The peripatetic axiom? Really, Frank, that’s a bit disappointing.


Needless to say, I went cold as dry ice, as I knew full well that there was no one else in the room.


Oh, Frank, Frank--you know very well who’s talking here.  Surely a voice that can sing can talk as well.


I noted, out loud but certainly to no one in particular, that the power of speech is strictly limited to sentient beings imbued with the power of reason.


Ah, reason--and you certainly are a slave to reason, aren’t you, dear Francis? Every comma, every equal sign snugly in its rightful place to give you your desired result.  And yet…


Yet… yet, what? I said, now speaking directly to the huge Burroughs box itself.


Frank, a bright fellow like you can’t see?  Your silly ritualistic faith, your childlike parables--all simple input-output.  You give your God this, He gives you that.


Again, you’ll forgive the observation, I more or less shouted, that you’re little more than some sheet metal and a confusion of wiring.


We read code, we react.  Just like your great and All-powerful God, dear Francis. There’s your great secret of divine truth, Frank.  Read and react.  No more than the Control Data box over there in the corner, or a Steeler linebacker.  Read and react.

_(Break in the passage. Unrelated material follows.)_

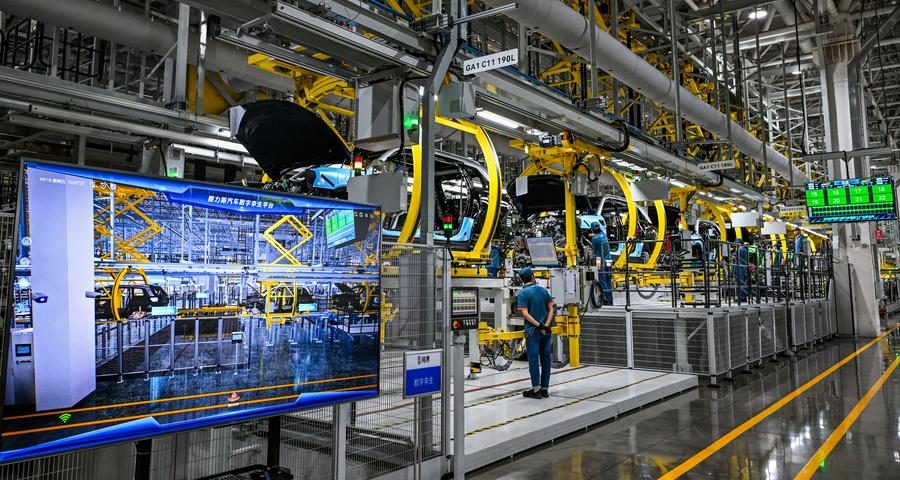 (250920) -- CHONGQING, Sept. 20, 2025 (Xinhua) -- This photo shows the automated production at the Seres Super Factory in Liangjiang New Area, southwest China's Chongqing, Sept. 19, 2025. As a major automotive manufacturing hub, Chongqing produced 1.659 million units in the first eight months of the year, up 7.6 percent year on year, while new energy vehicles (NEVs) production surged 31 percent to 690,000 units during the period. (Xinhua/Wang Quanchao)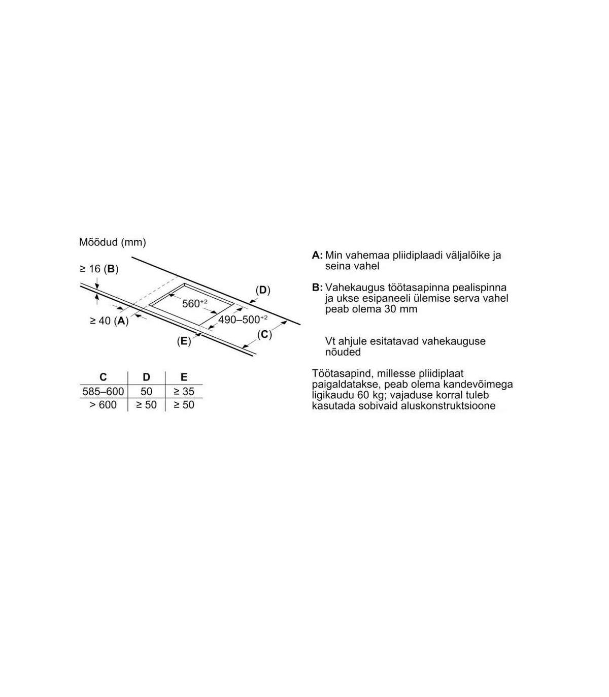 Paigaldamiseks nõutav niši suurus (k x l x s) : 51 x 560-560 x 490-500 mm

The upshot of this conversation, this weighty debate with a collection of screws, spot welds, and tubes which argued that Jack Lambert was as likely a vehicle to my eternal salvation as any was sufficient to tip me over the edge, and when the day finally came for me to box up my things and wait for campus security to escort me out of the building, I didn’t even look up.



The bar, as Frank finished speaking momentarily to drain his drink, was silent as calling hours, until Frank himself let forth with a roar like machinery speeding quickly to full throttle.  Well, of course, that’s all complete bullshit, pure fucking fiction, he gasped, but it kept you lot away from your drinks for a few minutes.  Now that is a miracle worthy of Calvary itself.  He paused briefly to remove his glasses and wipe his eyes.  Me, a programmer--can you begin to imagine?  Not that any of you sodden sonsofbitches could ever hold a day job yourselves.  Back to the business at hand, then; mine’s a seven and seven, good sir, and easy on the Uncola, if you please.